Records supplied Block Start

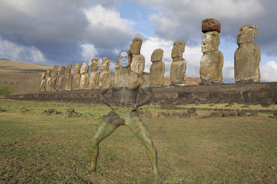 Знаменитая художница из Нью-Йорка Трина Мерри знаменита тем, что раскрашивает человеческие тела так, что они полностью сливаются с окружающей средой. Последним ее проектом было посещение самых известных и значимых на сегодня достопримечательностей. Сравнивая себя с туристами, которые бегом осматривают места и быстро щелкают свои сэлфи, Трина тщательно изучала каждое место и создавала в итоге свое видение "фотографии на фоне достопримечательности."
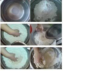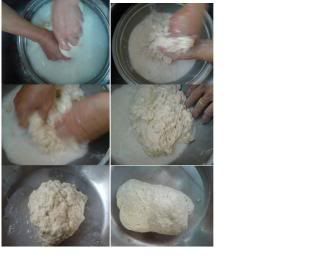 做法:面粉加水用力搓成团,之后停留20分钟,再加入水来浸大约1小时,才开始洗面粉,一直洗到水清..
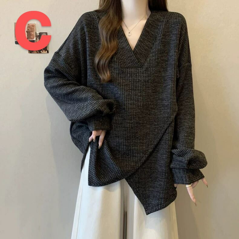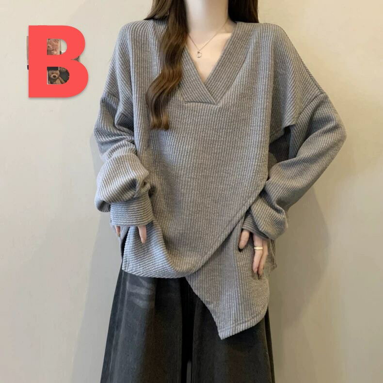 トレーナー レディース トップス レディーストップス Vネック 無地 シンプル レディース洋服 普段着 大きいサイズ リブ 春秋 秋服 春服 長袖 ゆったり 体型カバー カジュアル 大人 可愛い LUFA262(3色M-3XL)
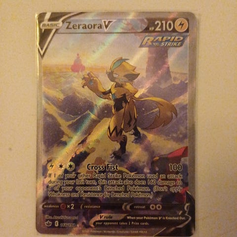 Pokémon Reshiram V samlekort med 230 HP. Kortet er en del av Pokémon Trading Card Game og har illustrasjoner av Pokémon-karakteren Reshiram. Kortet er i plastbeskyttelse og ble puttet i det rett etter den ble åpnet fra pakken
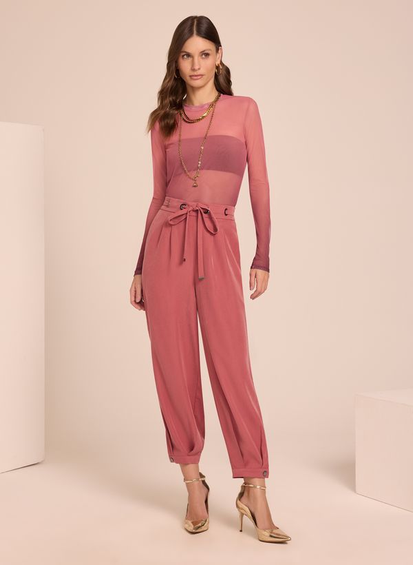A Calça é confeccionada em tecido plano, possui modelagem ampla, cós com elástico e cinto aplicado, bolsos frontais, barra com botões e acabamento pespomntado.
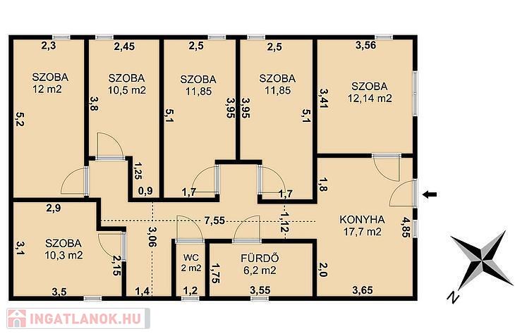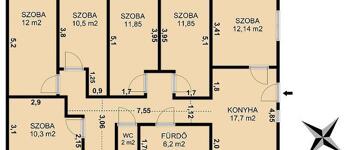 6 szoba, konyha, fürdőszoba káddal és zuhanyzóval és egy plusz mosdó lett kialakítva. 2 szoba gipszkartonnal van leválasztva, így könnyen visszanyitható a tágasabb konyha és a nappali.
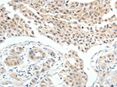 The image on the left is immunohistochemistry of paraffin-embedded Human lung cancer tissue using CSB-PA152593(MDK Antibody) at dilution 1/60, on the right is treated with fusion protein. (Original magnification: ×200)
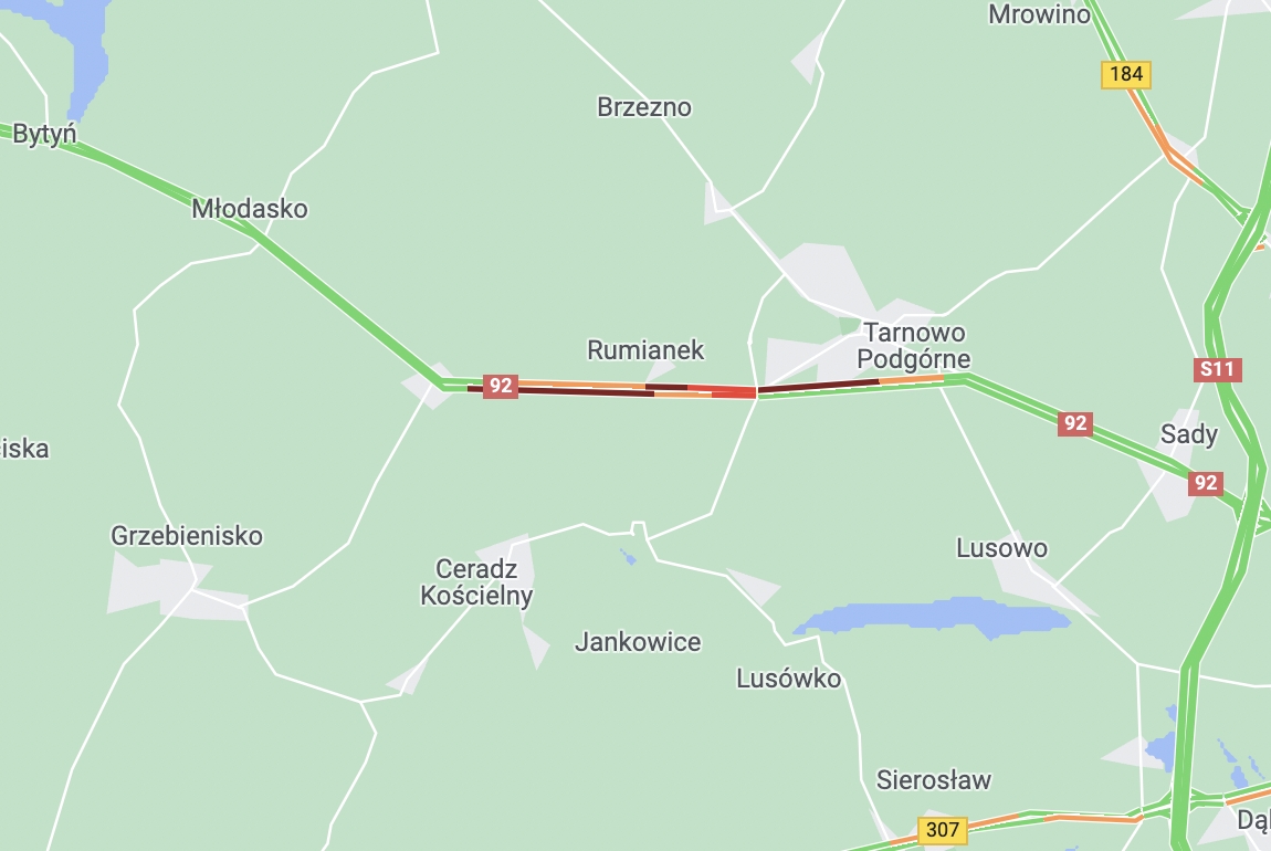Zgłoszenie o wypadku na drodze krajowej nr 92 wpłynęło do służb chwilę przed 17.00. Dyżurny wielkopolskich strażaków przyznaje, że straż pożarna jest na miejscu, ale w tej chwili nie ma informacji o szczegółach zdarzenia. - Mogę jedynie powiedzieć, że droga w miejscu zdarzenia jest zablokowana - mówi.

Records supplied Block End

→ **Exercise description**:
Drop the pictures and copy the data exactly.

→ **Task output**:
 Знаменитая художница из Нью-Йорка Трина Мерри знаменита тем, что раскрашивает человеческие тела так, что они полностью сливаются с окружающей средой. Последним ее проектом было посещение самых известных и значимых на сегодня достопримечательностей. Сравнивая себя с туристами, которые бегом осматривают места и быстро щелкают свои сэлфи, Трина тщательно изучала каждое место и создавала в итоге свое видение "фотографии на фоне достопримечательности."
 做法:面粉加水用力搓成团,之后停留20分钟,再加入水来浸大约1小时,才开始洗面粉,一直洗到水清..
 トレーナー レディース トップス レディーストップス Vネック 無地 シンプル レディース洋服 普段着 大きいサイズ リブ 春秋 秋服 春服 長袖 ゆったり 体型カバー カジュアル 大人 可愛い LUFA262(3色M-3XL)
 Pokémon Reshiram V samlekort med 230 HP. Kortet er en del av Pokémon Trading Card Game og har illustrasjoner av Pokémon-karakteren Reshiram. Kortet er i plastbeskyttelse og ble puttet i det rett etter den ble åpnet fra pakken
A Calça é confeccionada em tecido plano, possui modelagem ampla, cós com elástico e cinto aplicado, bolsos frontais, barra com botões e acabamento pespomntado.
 6 szoba, konyha, fürdőszoba káddal és zuhanyzóval és egy plusz mosdó lett kialakítva. 2 szoba gipszkartonnal van leválasztva, így könnyen visszanyitható a tágasabb konyha és a nappali.
 The image on the left is immunohistochemistry of paraffin-embedded Human lung cancer tissue using CSB-PA152593(MDK Antibody) at dilution 1/60, on the right is treated with fusion protein. (Original magnification: ×200)
Zgłoszenie o wypadku na drodze krajowej nr 92 wpłynęło do służb chwilę przed 17.00. Dyżurny wielkopolskich strażaków przyznaje, że straż pożarna jest na miejscu, ale w tej chwili nie ma informacji o szczegółach zdarzenia. - Mogę jedynie powiedzieć, że droga w miejscu zdarzenia jest zablokowana - mówi.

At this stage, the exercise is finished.